Dany hummed, her feeling of unease vanishing as the decision was made. Seh closed her eyes in response, listening... or trying. "It is like a larger version of the fire exercise."
Fire Exercise, as I called it, was the variation of the Lorathi Candle Game I reverse-engineered from the descriptions of in from the books... or was it only show specific? The purpose of it was to improve control over fire and it required a second caster. Both sides 'pushed' their control over the flame, in an effort to not burn. The one with the greater control was unharmed and one with lesser control was burned... or at least, that was the original purpose. I had managed to figure out that Dany and I could use it to build our control and strength, sort of like a resistance training that would push each other to greater power.
"He was there when no one else was," I said as the fires reached their zenith, feeding on my loss, feeding on my pain. "He was the one who went beyond his duty. He was not of the Kingsguard, yet he shamed all who had Kingsguard with his loyalty... he was not of the blood, yet he was more true... when my family needed it the most... when I needed him the most... Ser Willem Darry was there."

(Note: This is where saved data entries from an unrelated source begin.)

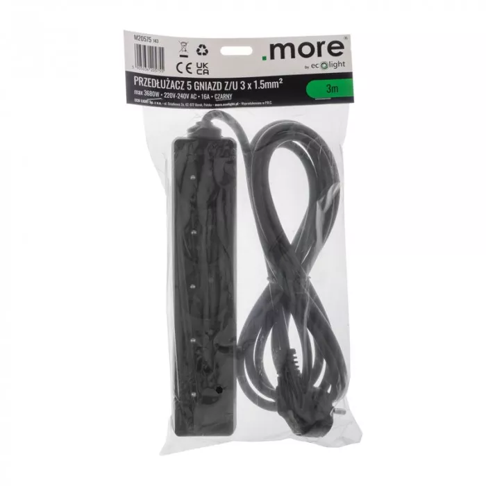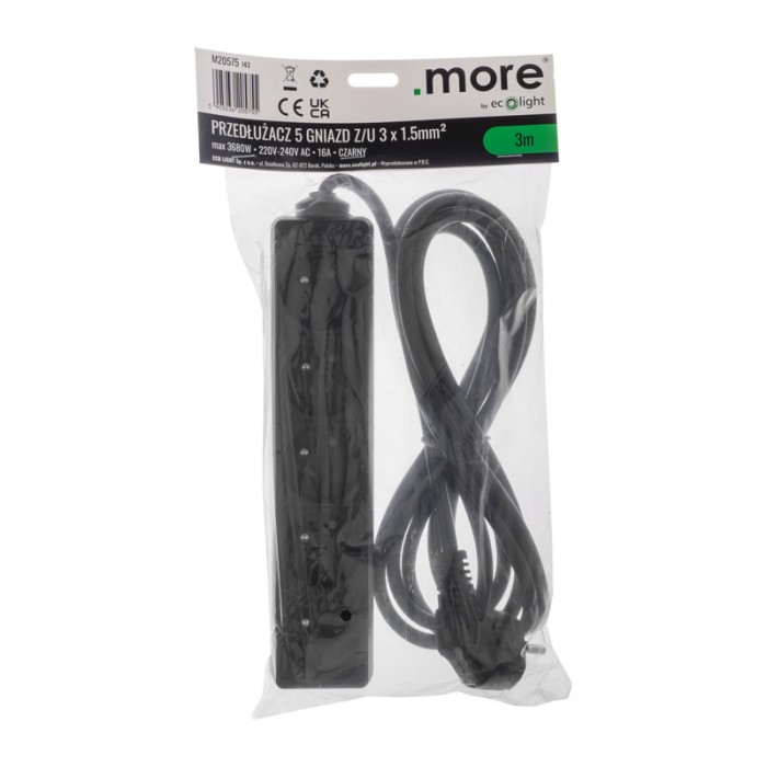 Przedłużacz 5 gniazd 3m z/u 3x1.5mm2 CZARNY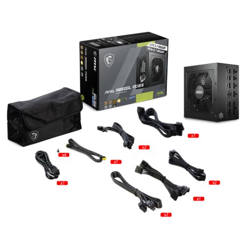 It has an output port that is compliant with PCIe 5.1 and Intel PSDG(Power Supply Design Guide) ATX 3.1, also the MAG A850GL PCIE5 power supply can hold up to 2x total power excursion and 3x GPU power excursion.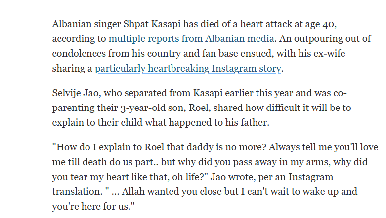 Media të shumta të huaja kanë pasqyruar lajmin e ndarjes nga jeta të këngëtarit shqiptar Shpat Kasapi.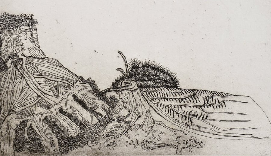 Giuseppe Zigaina, dettaglio, 1981 La mano e l'insetto, 1981, acquaforte, 247x245mm
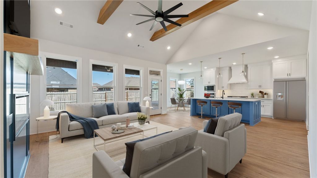 This gorgeous home sits right across from Gamble Elementary, and it's got a layout that just makes sense. On the main floor, you'll find two bedrooms and two full baths, and upstairs there are two more bedrooms, another full bath, plus a big theater/game room that's perfect for movie nights or hanging out. It's loaded with thoughtful upgrades ? tall ceilings with beautiful banister railings, quartz countertops, tiled showers, an electric fireplace, and even a gas line ready for your outdoor grill. The kitchen is a dream with custom cabinets, a huge walk-in pantry, and luxury vinyl floors all through the first level. The garage even has a charging port for your electric car. And with Gamble Elementary and Bentonville West High School just a short walk away ? plus quick I-49 access ? you're only minutes from downtown Bentonville and the Walmart Home Office.

"When you most need it... There is a song..." I whispered as a crack echoed through the golden flames... echoing through the air in a warmth that was impossible not to hear. "And now... the circle begins anew."
I gave Dany's hand a squeeze, as we both took a step into the funeral pyre.
---
I came to with the sun, my right hand giving a brief twinge at the presence of the link it held to the giant ball of flame. I was holding Dany close to me, as though to shield her from the funeral pyre.
A flex of my will had the ash rise and weave itself into two grey robes around us, when I heard the soft chirping sound. Dany revealing that she was holding onto a small chick between her dainty hands.
"Born under the Bleeding Star," someone said... Richard, I recognized once my brain caught up.
I looked at the sound and saw the few men who followed us to pay their respects on their knees.
And for the first time in an eternity, the song of the world changed. The bird that never was, that never should be, that never would be, was reborn from ashes, its cry filling the air.
It sang a new song, the song of a bird that ever will be.
And I felt Magic roiling off the Phantasmal being, the Phoenix. I felt Magical Energy rise with each of his tiny breath... and I was filled with both hope and dread at once.
AN: I am back from my scheduled study of Barrel-mancy, which may have affected some of the direction of the next chapter, so thank you for your patience.
I am not sure why there was a sudden spike of Fried Chicken related fics in this site, but it fits with the theme so, I dedicate this chapter to those beautiful minds who wrote those stories... and all those HP fics where they turn Hedwig into a Phoenix without an actual explanation other than, it is cool.
Farewell, Ser Willem, the Most Based Knight in the History of Westeros. As far as the names are concerned, I am going for Will the Phoenix for now, but I can be convinced if I run into a strong argument in the comments.